IJWBAA [eej-wah] is a Filipino digital artist and the first Filipino recognized in Techspressionism. He is a neologist and the originator of Decolonial Minimalism —an art movement that reclaims minimalism through ancestral memory and cultural reawakening. His work earned a spot on the shortlist for the Hiiibrand Design and Illustration Awards 2024. His papers were published on Academia.edu.He was selected by David Quiles Guilló, Director of The Wrong, to participate in the 7th Edition of The Wrong Biennale - described by The New York Times as the digital world's answer to Venice Biennale - with Prayers to Ai, further cementing his standing in the international digital art community. His collected works, compiled in two volumes of I Just Wannabe an Artist, have been recognized, officially archived, cataloged, and made available in the collections of the Gallerie degli Uffizi, Museo Reina Sofía, the National Museum of the Philippines, Getty Research Institute, and other prominent cultural institutions worldwide. The two volumes are cataloged in WorldCat under OCLC Numbers 1530632939(Book 1) and 1530636063(Book 2).


Iranun

Iranun

Decolonial Minimalism Founding Work - Indigenous People

Size: 1400 x 1400 pixels

Medium: Digital Art

Artist: IJWBAA

Year: 2025

Description:

Iranun renders two figures in elemental geometry—circular heads, yellow torsos, and striped brown garments—yet each shape pulses with ancestral specificity. The larger figure’s triangular hat and striped shorts evoke maritime attire and woven codes of Iranun seafaring legacy, while the smaller figure’s circular skirt and cap suggest ceremonial dress and kinship continuity. Their suspenders and layered garments are not decorative—they are mnemonic scaffolds, visual syllables of labor and lineage.

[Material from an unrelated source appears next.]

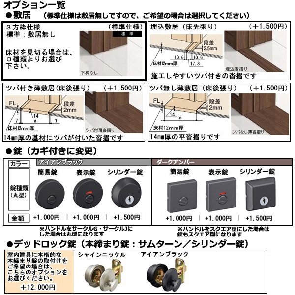 ○ トステム (LIXIL) の室内建具 片開きドア ラシッサD ヴィンティア ○ デザインLGM ○ ノンケーシング 【室内建具 片開きドア 必須選択項目】 ・ 本体色 ・ 枠色 ※標準はプレシャスホワイトです。その他は追加料金が掛かります ・ サイズ ・ 吊元 ・ ハンドル種類 ※種類によって追加料金が掛かります ・ 枠幅(奥行) ・ 沓摺り(下枠・敷居)※標準は無しの仕様です。 ・ ガラス(※ガラス選択可能デザインのみ) その他オプション (追加料金は画像をご確認ください) ・ 錠付き ・ みえナイゾウストッパー ・ 外付け用マグネットストッパー ・ ソフトモーション ---------------------------------- ※サイズが6種類ございます。ご希望のサイズをお知らせください。 (高さは、H2023のみとなります) W648 W734 W754 W780 W824 W868 ---------------------------------- * 同時に複数セット、お買上げ頂けますと、送料の値引を致します。 違うサイズ(違う種類)との組合せでもOKです、是非お問合せ下さい。 |

The bright blue field behind them is not neutral—it’s a chromatic invocation of sky and sea, a horizon of movement and memory. A white horizontal line bisects the composition, anchoring the figures in shared cosmology and visual rhythm. Their beige limbs and unmarked faces resist caricature, asserting presence without spectacle. Their stillness is deliberate—a stance of witnessing, a refusal to perform indigeneity for external gaze.

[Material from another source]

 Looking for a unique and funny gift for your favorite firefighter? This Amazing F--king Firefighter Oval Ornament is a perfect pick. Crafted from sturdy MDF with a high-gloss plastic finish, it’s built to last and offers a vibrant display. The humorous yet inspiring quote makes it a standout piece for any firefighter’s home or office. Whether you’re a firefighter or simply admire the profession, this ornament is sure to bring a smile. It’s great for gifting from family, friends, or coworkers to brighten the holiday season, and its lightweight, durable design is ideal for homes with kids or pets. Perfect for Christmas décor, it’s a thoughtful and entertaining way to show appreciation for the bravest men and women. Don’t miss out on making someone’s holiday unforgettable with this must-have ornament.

Iranun is not abstraction—it is encoded ancestry. IJWBAA’s visual grammar resists ornamental excess and reclaims essence, asking: what if geometry could carry ritual? What if chromatic restraint could amplify indigenous voice? This work offers a visual infrastructure for radical care, where every stripe, silence, and shape becomes a vessel for collective legacy.